- _SOURCE MATERIAL_
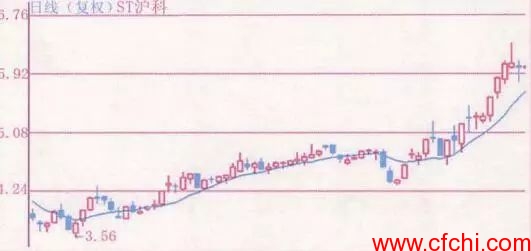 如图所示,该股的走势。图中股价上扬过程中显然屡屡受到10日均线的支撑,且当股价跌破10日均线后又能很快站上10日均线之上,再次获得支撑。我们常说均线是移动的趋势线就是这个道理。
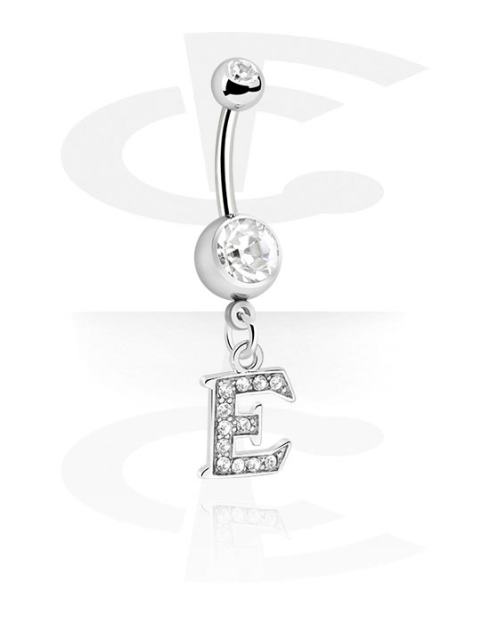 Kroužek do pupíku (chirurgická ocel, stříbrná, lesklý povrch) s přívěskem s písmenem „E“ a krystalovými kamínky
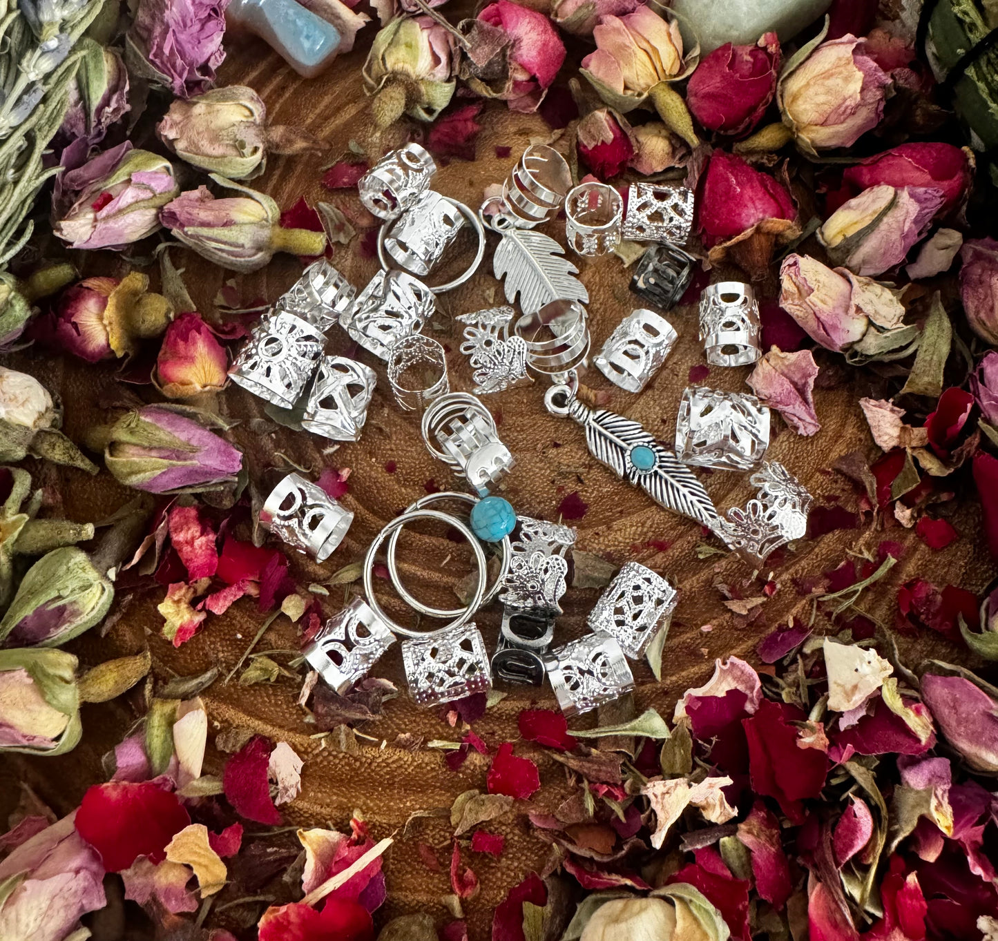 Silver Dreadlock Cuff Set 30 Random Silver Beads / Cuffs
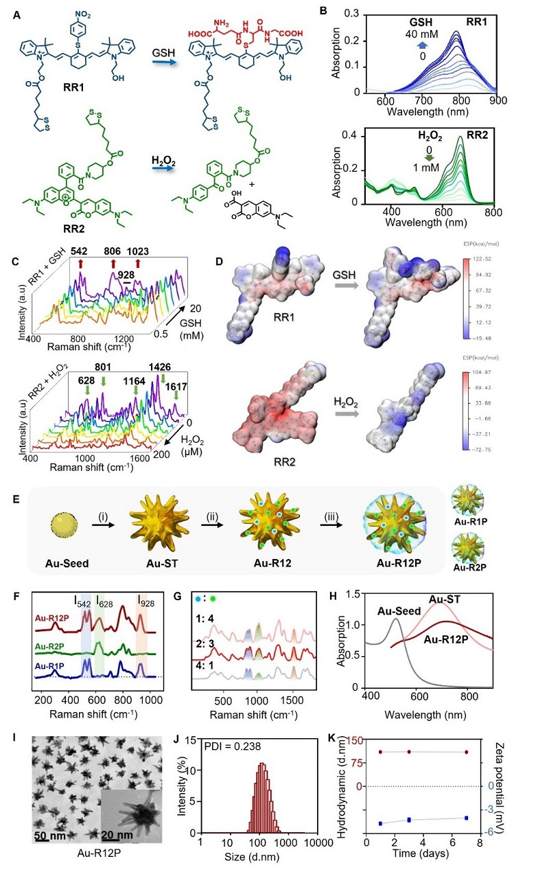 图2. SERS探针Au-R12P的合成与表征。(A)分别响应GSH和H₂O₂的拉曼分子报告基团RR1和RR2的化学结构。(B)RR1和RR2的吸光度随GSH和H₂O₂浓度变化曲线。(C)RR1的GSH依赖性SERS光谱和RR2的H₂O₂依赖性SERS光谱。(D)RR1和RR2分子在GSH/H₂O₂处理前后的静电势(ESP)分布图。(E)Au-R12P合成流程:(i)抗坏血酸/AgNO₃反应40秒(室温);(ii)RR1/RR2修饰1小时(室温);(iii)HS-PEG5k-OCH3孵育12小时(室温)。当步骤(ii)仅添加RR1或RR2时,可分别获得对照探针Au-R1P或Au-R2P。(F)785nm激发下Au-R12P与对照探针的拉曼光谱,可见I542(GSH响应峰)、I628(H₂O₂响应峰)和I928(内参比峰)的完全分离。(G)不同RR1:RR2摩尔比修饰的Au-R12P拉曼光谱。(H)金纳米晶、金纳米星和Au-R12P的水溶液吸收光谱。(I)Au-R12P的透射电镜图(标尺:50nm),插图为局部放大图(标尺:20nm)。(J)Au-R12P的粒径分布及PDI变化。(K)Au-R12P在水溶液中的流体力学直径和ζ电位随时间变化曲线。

- _WORK INSTRUCTION_
Without the pictures, transcribe the lines from the one containing "Silver Dreadlock Cuff" through the end of the data, exactly and only those.

- _EXERCISE ANSWER_
 Silver Dreadlock Cuff Set 30 Random Silver Beads / Cuffs
 图2. SERS探针Au-R12P的合成与表征。(A)分别响应GSH和H₂O₂的拉曼分子报告基团RR1和RR2的化学结构。(B)RR1和RR2的吸光度随GSH和H₂O₂浓度变化曲线。(C)RR1的GSH依赖性SERS光谱和RR2的H₂O₂依赖性SERS光谱。(D)RR1和RR2分子在GSH/H₂O₂处理前后的静电势(ESP)分布图。(E)Au-R12P合成流程:(i)抗坏血酸/AgNO₃反应40秒(室温);(ii)RR1/RR2修饰1小时(室温);(iii)HS-PEG5k-OCH3孵育12小时(室温)。当步骤(ii)仅添加RR1或RR2时,可分别获得对照探针Au-R1P或Au-R2P。(F)785nm激发下Au-R12P与对照探针的拉曼光谱,可见I542(GSH响应峰)、I628(H₂O₂响应峰)和I928(内参比峰)的完全分离。(G)不同RR1:RR2摩尔比修饰的Au-R12P拉曼光谱。(H)金纳米晶、金纳米星和Au-R12P的水溶液吸收光谱。(I)Au-R12P的透射电镜图(标尺:50nm),插图为局部放大图(标尺:20nm)。(J)Au-R12P的粒径分布及PDI变化。(K)Au-R12P在水溶液中的流体力学直径和ζ电位随时间变化曲线。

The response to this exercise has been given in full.